The only assertions in connection_close() are:
assert( connections != NULL ); assert( c != NULL ); [...] assert( c->c_struct_state == SLAP_C_USED ); assert( c->c_conn_state == SLAP_C_CLOSING );
I'm not sure if this gives enough to go on, but I've rebuilt with optimization disabled and have a debugger attached for the next time it fails.
Program received signal SIGABRT, Aborted. [Switching to Thread -1884128336 (LWP 26138)] 0xb7b98947 in raise () from /lib/tls/libc.so.6 #0 0xb7b98947 in raise () from /lib/tls/libc.so.6 #1 0xb7b9a0c9 in abort () from /lib/tls/libc.so.6 #2 0xb7b9205f in __assert_fail () from /lib/tls/libc.so.6 #3 0x0806d052 in connection_close (c=<value optimized out>) at /var/jwm/openldap/servers/slapd/connection.c:680 #4 0x0806d67d in connection_operation (ctx=0x8fb272c8, arg_v=0x993a830) at /var/jwm/openldap/servers/slapd/connection.c:1722 #5 0xb7f14e7f in ldap_int_thread_pool_wrapper (xpool=0x814d358) at /var/jwm/openldap/libraries/libldap_r/tpool.c:478 #6 0xb7ca70bd in start_thread () from /lib/tls/libpthread.so.0 #7 0xb7c3c01e in clone () from /lib/tls/libc.so.6
john
--On Wednesday, March 26, 2008 10:57 AM -0400 John Morrissey jwm@horde.net wrote:
I'm not sure if this gives enough to go on, but I've rebuilt with optimization disabled and have a debugger attached for the next time it fails.

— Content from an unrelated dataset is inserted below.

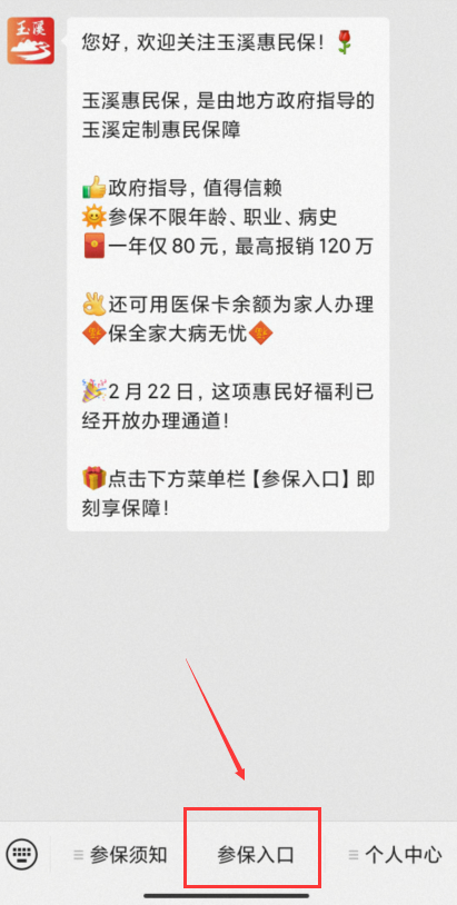 玉溪惠民保在哪里买? 2022-02-25 18:46:19 最佳答案: 玉溪惠民保可以通过“玉溪惠民保”微信公众号上参保,流程如下: 1、打开微信APP,搜索关注“玉溪惠民保”。 2、点击“玉溪惠民保”底部菜单栏“参保入口”。 3、进入参保主页面,了解保障详情后,点击立即参保。 4、填写个人信息,也可以选择继续添加参保人,为家人投保,点击提交订单即可。 以上步骤操作环境: 手机型号:华为nova6 系统版本:HarmonyOS2.0.0 微信APP版本号:VerSion8.0.19 你也可能喜欢 办理年度汇算需要准备什么 钱存在银行卡里有利息吗 基金净值高适合买入吗 无业能申请房贷吗

You may never hit it. I recall having this problem with certain buggy versions of gcc (which is pretty much any version of gcc) in how it optimizes the code. I never build OL with optimizations anymore, as gcc just cannot do the job right.
--Quanah
--
Quanah Gibson-Mount Principal Software Engineer Zimbra, Inc -------------------- Zimbra :: the leader in open source messaging and collaboration
On Wed, Mar 26, 2008 at 12:06:45PM -0700, Quanah Gibson-Mount wrote:
--On Wednesday, March 26, 2008 10:57 AM -0400 John Morrissey jwm@horde.net wrote:
I'm not sure if this gives enough to go on, but I've rebuilt with optimization disabled and have a debugger attached for the next time it fails.
You may never hit it. I recall having this problem with certain buggy versions of gcc (which is pretty much any version of gcc) in how it optimizes the code. I never build OL with optimizations anymore, as gcc just cannot do the job right.
The unoptimized build crashed earlier today; I only have a partial backtrace (below), but I can try to get a complete one next time if it would be more useful.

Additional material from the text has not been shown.